In the meantime, claimant was rendering its professional services to the Thruway Authority which on February 18, 1954 awarded to a successful bidder the contract for the construction of the designated Thruway section. This contract provided that work should begin within 10 days of the signing thereof and would be completed on or before June 1, 1955.
The contractor did not meet the completion date which was extended four times by the Thruway Authority upon the construction contractor's application. Extensions were granted to September 1, 1955, to October 1, 1955, to December 15, 1955 and finally to September 1, 1956. Construction was completed August 30, 1956 and the work was accepted September 26, 1956.
Claimant's agreement with the Thruway Authority did not specify a completion date. It did require claimant to provide engineering supervision and inspection services until the completion and the final acceptance of the work to be done by the construction contractor. The Thruway Authority agreed to pay and the claimant agreed to accept as full compensation for its services 4% of the final construction costs, less certain miscellaneous items which are not of concern in arriving at a determination of the issues presently before us.

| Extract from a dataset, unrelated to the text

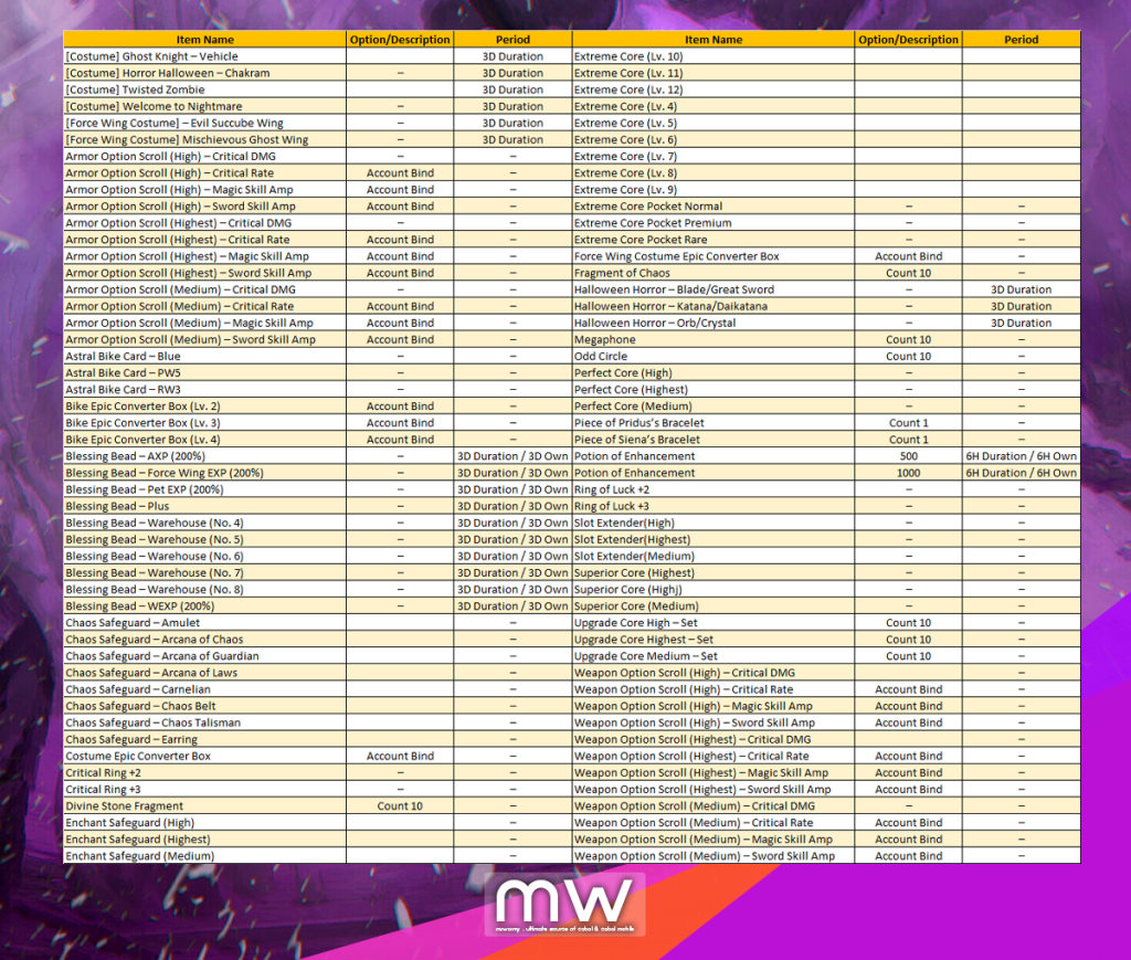 - 500,000 Alz + x5 Sweet Candy + x5 Halloween Trick Ticket + x5 Halloween Gift Ticket

Except for accrued interest upon certain sums, claimant has been paid by the defendant voluntarily, or as the result of a prior judgment of this court, all moneys due it as audited in the final estimates at the 4% rate. But it herein demands damages in the sum of $81,185.75, together with interest thereon, which it claims resulted from the extensions of time of the construction contract beyond the stated completion date. The amount of damages above stated is not controverted by the defendant which does, however, dispute claimant's right to recover any sum.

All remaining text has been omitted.